In S901, the MPU 201 determines whether the printing operation on the first side of the second sheet 1-B is complete. If the printing operation on the first side of the second sheet 1-B is complete (YES in S901), the process proceeds to S902. If the printing operation on the first side of the second sheet 1-B is not complete (NO in S901), the printing operation on the second sheet 1-B continues until it is complete.

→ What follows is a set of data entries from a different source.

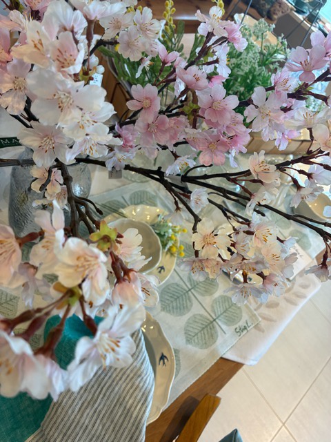 春の陽射しが嬉しくて 桜のアーテシャルフラワーを飾りました。
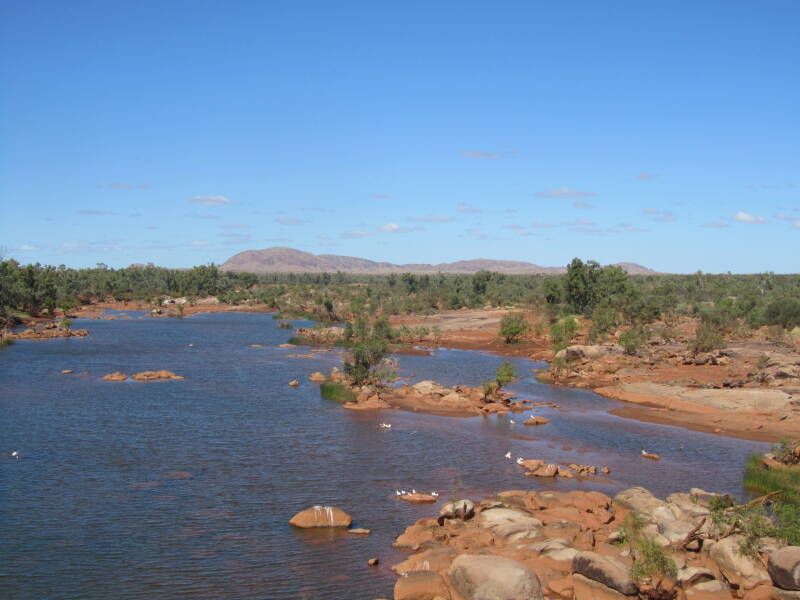 Van Karijini NP gaat het naar Millstream NP, 250 km langs onverharde wegen, zonder ook maar één stadje onderweg. We rijden door een kurkdroog landschap bij 35° en vinden geen geschikt picknick plaatsje.
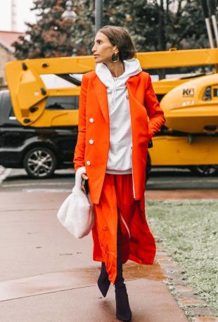 想要出彩出街,那么用白色连帽卫衣搭配红色单品再合适不过了,与红色西装外套和红色半身裙的组合让你备受瞩目。
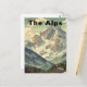 Escape to the mountains with this classic 'The Alps' Vintage Travel print. This Mid-Century Modern illustration captures a majestic, snow-capped peak rising above a valley, complete with a cozy ski lodge cabin nestled among the pine trees.
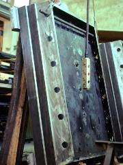 In dieser Aufnahme steht die Panzertür auf dem Kopf und wird von oben mit Spezialbeton befüllt. Die Stärke des Türblattes ist 450 mm. Schwerste und massivste Panzer-Armierungen wurden mit geheimen Spezial-Armierungsmaterialien eingebaut.
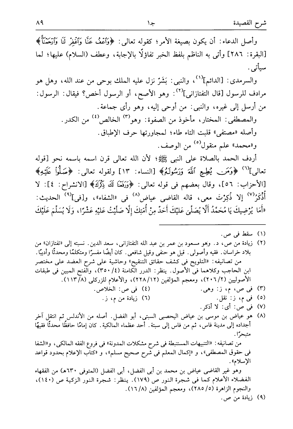 (¬2) زيادة من ص، د. وهو مسعود بن عمر بن عبد الله التفتازانى، سعد الدين. نسبته إلى «تفتازان» من بلاد خراسان. فقيه وأصولى. قيل هو حنفى وقيل شافعى. كان أيضا مفسرا ومتكلما ومحدثا وأديبا.
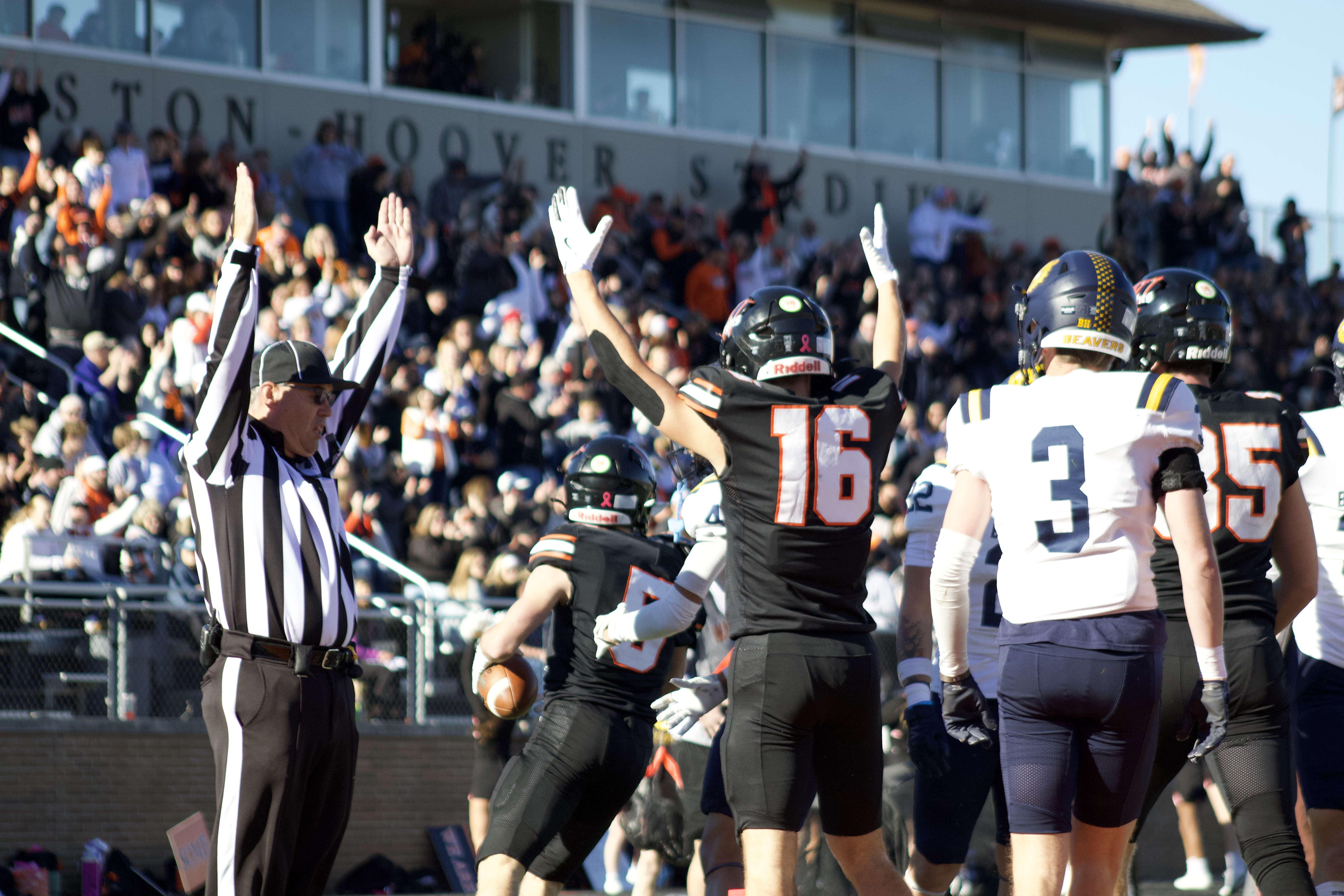 Tight end Sam Heither is lifted in the air after scoring a touchdown against Buena Vista University on Nov. 15. Photo by Madi Petersen.

In S902, the MPU 201 checks the position of the end 1-B-a of the second sheet 1-B and determines whether it is upstream of POS 3 in the conveying direction. If the end 1-B-a of the second sheet 1-B is upstream of POS 3 (YES in S902), the process proceeds to S905; if not (NO in S902), the process proceeds to S903. Here, when the end 1-B-a of the second sheet 1-B is not upstream of POS 3, this means that the second sheet 1-B and the first sheet 1-A at least partially overlap between POS 2 and POS 3, as shown in ST11 in FIG. 4.

At S903, the MPU 201 rotates the conveying rollers 5 and the discharge rollers 9 to convey the second sheet 1-B upstream in the conveying direction.

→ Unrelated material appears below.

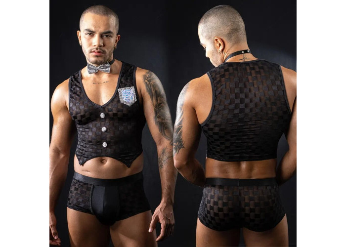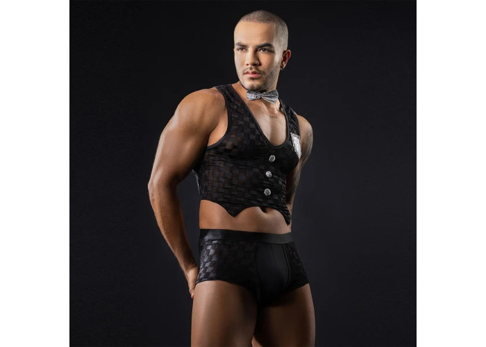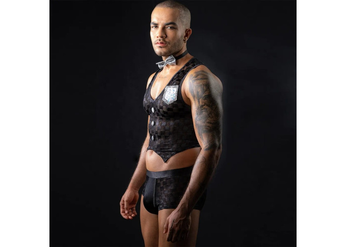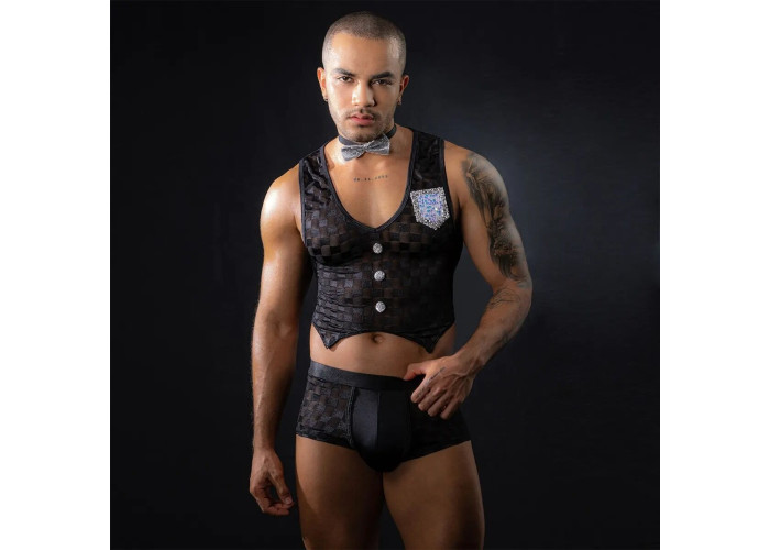 Цей симпатичний хлопець готовий запропонувати вам гаряче меню та солодкі десерти, варто вам поманити його пальчиком. Рекомендуємо купити чоловічий еротичний костюм офіціанта «Привабливий Михаель», щоб скоріше зробити своє вишукане замовлення. Топ зовні має вигляд як жилет дорогого костюма. Він щільно облягає фігуру, гарно оголюючи груди та живіт. Труси-боксери підкреслюють попку та стегна. Симпатична срібляста краватка-метелик на кнопці додає костюму елегантності.

In S904, the MPU 201 determines whether the end 1-B-a of the second sheet 1-B has reached POS 3. If the end 1-B-a of the second sheet 1-B has reached POS 3 (YES in S904), the process proceeds to S909; if it has not reached POS 3 (NO in S904), the transport of the second sheet 1-B continues.

At S905, the MPU 201 rotates the transport rollers 5 and the discharge rollers 9 to transport the second sheet 1-B downstream in the transport direction, and stops the transport when the end 1-B-a of the second sheet 1-B reaches the POS 3.

At S906, the MPU 201 rotates the conveying rollers 5 and the discharge rollers 9 to convey the second sheet 1-B upstream in the conveying direction (to the reverse conveying guide 21).

At S907, the MPU 201 rotates the feed roller 3 and the reversing roller 23 so as to transport the first sheet 1-A downstream in the transport direction through the reversing transport guide 21, and starts feeding the first sheet 1-A.

In S908, the MPU 201 determines whether the end 1-A-a of the first sheet 1-A has reached POS 2. If the end 1-A-a of the first sheet 1-A has reached POS 2 (YES in S908), the process proceeds to S909; if not (NO in S908), the process proceeds to S910.

In S909, the MPU 201 stops the feed roller 3 and waits for the first sheet 1-A to enter the conveying nip of the conveying roller 5. Then, the process returns to S908.

In S910, the MPU 201 determines whether the second sheet detection sensor 22 has detected the end 1-B-b of the second sheet. If the second sheet detection sensor 22 has detected the end 1-B-b of the second sheet (YES in S910), the process proceeds to S911. If the second sheet detection sensor 22 has not detected the end 1-B-b (NO in S910), the process returns to S908.

In S911, the MPU 201 stops the conveying rollers 5 and the discharge rollers 9. As a result, the first sheet 1-A enters the conveying nip of the conveying rollers 5.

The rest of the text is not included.